Двадцать первого апреля, на другой день после своего дня рождения, Гитлер, похоже, в последний раз поднялся на первый «этаж» бункера, поскольку «прослушки» Бергера больше каких-либо голосовых свидетельств присутствия там фюрера не оставили. Вот что оказалось записано: «…Я отдал приказ собрать все и контратаковать на юге. Мы остановим танки и отбросим от Берлина русских. Я приказал Штейнеру собрать все резервы здесь. У нас есть еще армия на Эльбе. Если не хватит сил, к нам пробьется Венк. Что вы молчите?» – это Гитлер обращается к Роберту Лею, который в течение всего апреля совершал перелеты между Бергхофом и Берлином (обычно полупьяный, он при посадке шел на такой риск, что просто обескураживал противника).
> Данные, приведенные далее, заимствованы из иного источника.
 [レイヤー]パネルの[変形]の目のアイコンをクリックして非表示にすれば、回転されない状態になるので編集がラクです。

Лей отвечает, что ему нечего возразить. Дальше следуют малопонятные реплики о возможности запуска хотя бы одной ракеты А-10 на Вашингтон и, наконец, еще одна фраза Гитлера: «…Ничего… Я отдал приказ о контрударе». Повторяю: это – 21 апреля.
Риббентроп, уже в Нюрнберге, в письмах к жене вспоминал, что первые признаки паники у фюрера заметил как раз 21 апреля: Гитлер сначала продиктовал приказ генералу Венку развернуть свою 12-ю армию на восток и ударить по русским. Но через несколько минут передумал и стал диктовать другой – Венку немедленно соединиться с армией генерала Буссе (на деле прежде следовало вытащить ее из окружения, в котором она застряла после отчаянных попыток Гиммлера взять на себя командование боевыми операциями) и вместе двигаться на Берлин. «Кейтель же, как попугай, только кивал и со всем соглашался», – раздраженно замечает Риббентроп. (Письмо от 4 марта 1946 г., а также дневниковые записи, по материалам которых фрау фон Риббентроп позже выпустила книгу.)
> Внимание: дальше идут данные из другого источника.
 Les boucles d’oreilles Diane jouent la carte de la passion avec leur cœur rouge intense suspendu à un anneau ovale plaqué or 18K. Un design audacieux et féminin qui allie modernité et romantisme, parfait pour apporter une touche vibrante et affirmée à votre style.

И 22—23 апреля становится ясно, что генерал Штейнер, которому было приказано ударить по русским в районе южного пригорода Берлина, не сумел даже сдвинуться с места (а позже – и вовсе повернул на запад, чтобы 3 мая сдаться англичанам). Кейтель, впрочем, пытался объяснять Гитлеру, что контрудар Штейнера – фантом, что Берлин не продержится и больше недели. Взял слово Йодль и напомнил, что «пока Баварский лес в наших руках и магистраль не перерезана, остается возможность эвакуации по земле, и нужно этим воспользоваться, потому что…» Дальше произошла тяжелая сцена, о которой одинаково вспоминают и Кейтель, и Йодль, и Лей, и Риббентроп. Гитлер орал, топал ногами, валил стулья, рвал карты. Впервые «отец нации» проклял свой народ, и это особенно тяжело подействовало на присутствующих. Немного успокоившись, он сказал, чтобы ни об отводе войск, ни о его собственном «бегстве» из Берлина никто больше не смел и заикаться, что он «останется и сдохнет здесь, если никто ничего другого ему не в состоянии предложить». Вот тут и прозвучало то самое, похожее на заклинание: «Но у нас еще есть Венк… у нас еще есть Венк».
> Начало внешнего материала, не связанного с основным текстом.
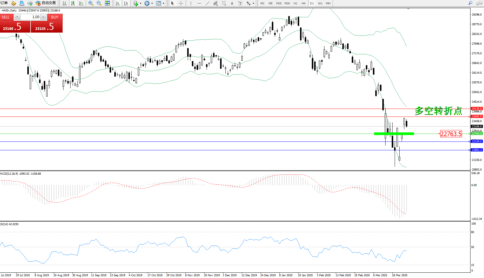 恒指HK50 ——日K线图显示:

Что же должен был сделать генерал танковых войск Вальтер Венк, и что он реально сделал? И важная деталь – какими силами?
Я бы ответила так: он должен был сделать невозможное – с несколькими сильно поредевшими полками, без артиллерии, с десятком самоходок прорваться в горящий Берлин сквозь атакующие советские войска. Он сделал невозможное – прорвался к Потсдаму (после самоубийства Гитлера дальнейшие действия в этом направлении потеряли всякий смысл), причем, повторяю – силами, чье материальное выражение было мизерным, а с точки зрения военной тактики, вообще – величина с отрицательным знаком, поскольку его 12-я армия имела «в арьергарде» около десяти тысяч человек гражданского населения. Беженцы, в основном – женщины с детьми и старики, без всякого имущества, голодные и больные, целиком зависели от отношения к ним командующего, его планов и просто человеческих качеств.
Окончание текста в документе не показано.